By Ayomide Adewoyin
Program Officer, DGI Consult
Nigeria, with an estimated population of 208 million people, is the most populous country in Africa and the seventh most populous country in the world. With an annual population growth rate of 2.58% and a total fertility rate of 5.3 births per woman, the country is projected to be the third most populous country in the world by 2050. The fertility patterns in the country have resulted in a young population structure, and over 40% of the current population are dependents (children under 15 years). This high population growth rate and high dependency ratio have negative economic, social and health implications in Nigeria. These include a poor economic growth rate of only -1.92% (2020), a poverty rate of 40% and an unemployment rate of 33.3%. Likewise, health indices are poor, including a high maternal mortality ratio of 512 deaths per 100,000 live births and 132 under-five deaths per 1,000 live births.

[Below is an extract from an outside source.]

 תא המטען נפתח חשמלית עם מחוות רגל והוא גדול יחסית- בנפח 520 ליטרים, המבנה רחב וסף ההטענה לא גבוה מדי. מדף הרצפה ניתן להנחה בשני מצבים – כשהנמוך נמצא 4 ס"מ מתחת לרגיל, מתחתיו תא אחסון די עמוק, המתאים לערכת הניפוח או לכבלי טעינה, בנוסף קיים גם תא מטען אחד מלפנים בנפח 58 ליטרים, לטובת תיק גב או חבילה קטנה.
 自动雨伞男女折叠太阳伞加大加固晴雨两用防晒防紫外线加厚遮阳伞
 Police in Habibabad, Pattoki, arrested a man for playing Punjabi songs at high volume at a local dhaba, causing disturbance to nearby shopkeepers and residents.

The low level of family planning (FP) access in Nigeria has been identified as a major factor in the high fertility and population growth rate as well as the social, economic and health implications. FP is very central to improving Nigeria’s health indices, increasing economic development and achieving demographic dividend in the country. Thus, the increased attention on expanding access to FP services and commodities, i.e. contraceptives, towards alleviating these issues.  However, only about 36% of FP demand is satisfied by modern contraceptives in Nigeria and the modern contraceptive prevalence rate (mCPR) is still very low at 12%. This is a far cry from the Federal Government’s target of achieving a 27% mCPR by 2020. The situation is attributable to the suboptimal budget spending for the procurement of FP commodities (contraceptives) and services at both the national and sub-national levels in the country, and the funding gap keeps widening as FP demand increases. Therefore, the critical need to increase government spending on FP at the federal, state, and local government levels in Nigeria.

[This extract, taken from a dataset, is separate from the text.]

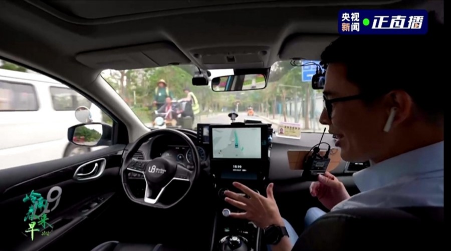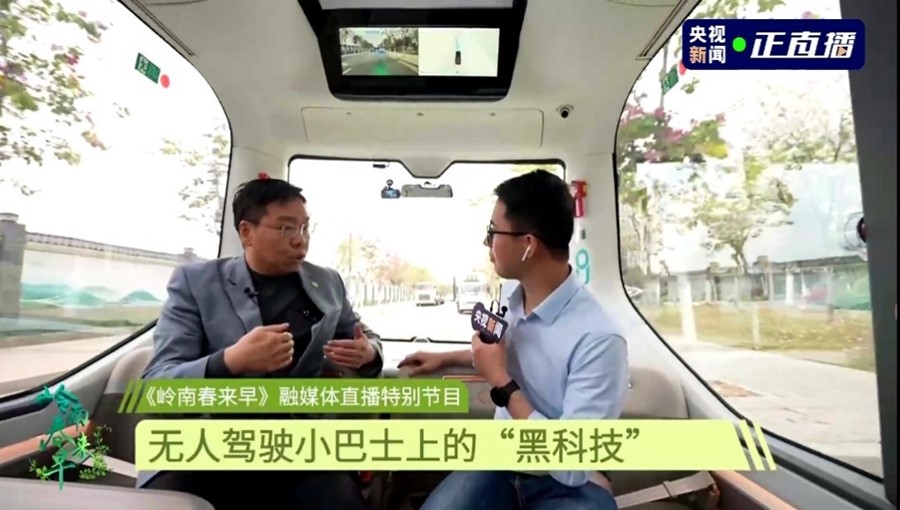 直播中,總臺(tái)記者走進(jìn)同時(shí)落地?zé)o人駕駛汽車和無人駕駛巴士的廣州生物島,使用手機(jī)軟件叫車,一路分享新鮮體驗(yàn)感受,并與自動(dòng)駕駛領(lǐng)軍企業(yè)文遠(yuǎn)知行首席運(yùn)營(yíng)官?gòu)埩痴劅o人駕駛技術(shù)里的“黑科技”。
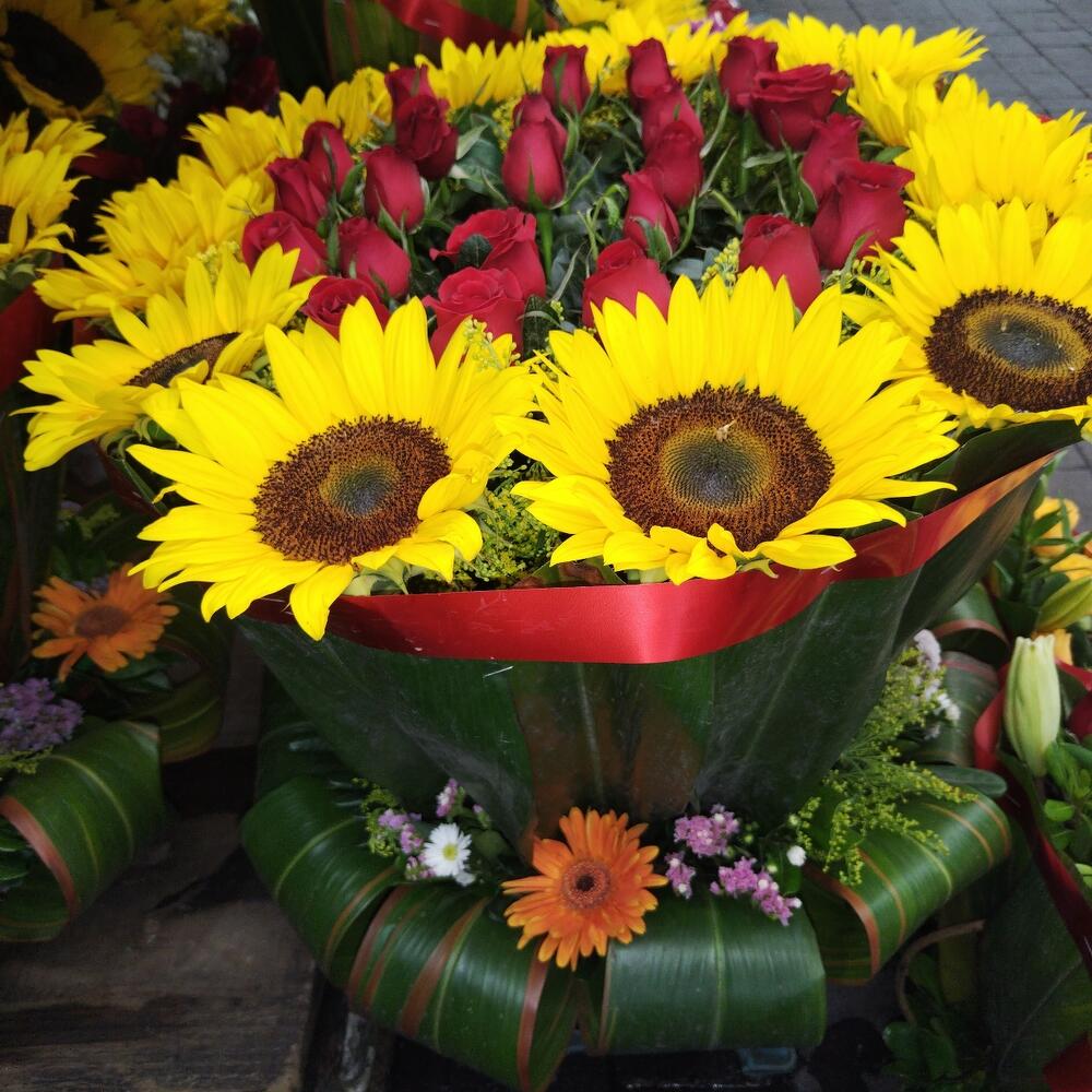 Solidago - 24 шт. rosa roja - 24 шт. соняшники - 12 шт. clavo - 30 шт.

In line with Nigeria’s FP2020 commitment, the federal government (FG) is expected to contribute $4 million annually (N1.2 billion) for the purchase of contraceptives through a ‘Basket Fund’ that is operated alongside external donors. However, the FG only released the committed amount in 2018 while N915 million and N300 million were released in 2017 and 2019 respectively; leaving a deficit of N2.2 billion between 2017 and 2019. The states and local governments do not currently contribute to the basket at all, but they are expected to budget for the last mile distribution of FP commodities and the provision of FP services. However, many states rely heavily on donor interventions for these. Evidence from the past nine years shows that contributions from donors (e.g. UNFPA, FCDO, USAID, BMGF, Global Affairs Canada) account for more than 70% of all funds used for FP commodity procurement in Nigeria.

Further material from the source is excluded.